Pages

Tuesday, June 09, 2026

I really think this one is worth reading.

"Who Gets Believed? by Dina Nayeri – why asylum seekers struggle to be understood"

https://www.theguardian.com/books/2023/mar/12/who-gets-believed-when-the-truth-isnt-enough-by-dina-nayeri-why-asylum-seekers-struggle-to-be-understood

"Nayeri learned the value of performance early. Fleeing Isfahan after Iran’s Islamic revolution with her Christian mother, she wound up at a refugee camp outside Rome.

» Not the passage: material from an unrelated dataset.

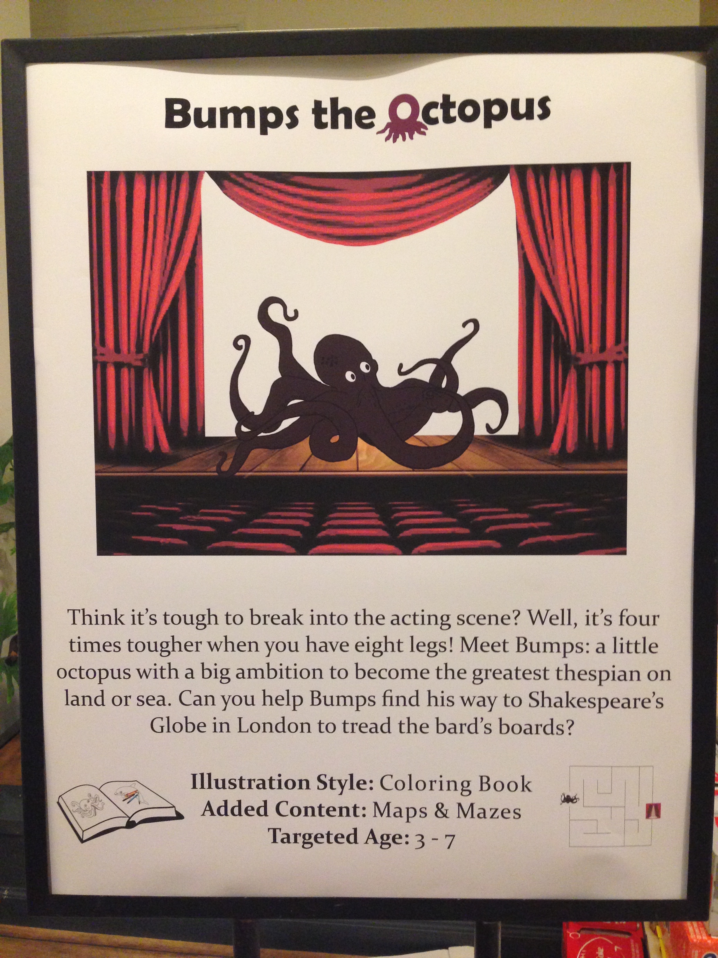 Bryan’s story, Bravo Bumps will be a coloring book full of mazes and activities for children. It’s a story of a small octopus named Bumps who makes his way from the San Francisco Bay to the Globe Theater in London where he pursues his dream of becoming the greatest actor on land & sea.

Little Dina would sit around campfires with other refugees “practising, tailoring our stories for asylum officer[s], knowing that our lives depended on what the officer found credible”.

Later, during her training at Harvard Business School and then working for management consultant McKinsey, Nayeri became fully fluent in the “glossolalia” of business speak, deploying to clients such aggressively meaningless phrases as “directionally correct”, “outperforming at scale” and, my favourite, “achieving granularity”.

What Nayeri learned, she writes, “is how to be believed – how to be the one people want to believe, feel safe believing”. Sri Lankan torture victims and Ugandan lesbian asylum seekers rarely get such training.

“The refugee in me fumed,” writes Nayeri. “These lessons exist, have long existed and have been handed to those who need them least. The rules were created for the children of the (native and colonising) rich. I just happened to be in the room.” The author now teaches creative writing in the UK at St Andrews University, no doubt coaching students in how to give literary performances believable enough to woo cultural gatekeepers – agents, publishers, critics – as she has."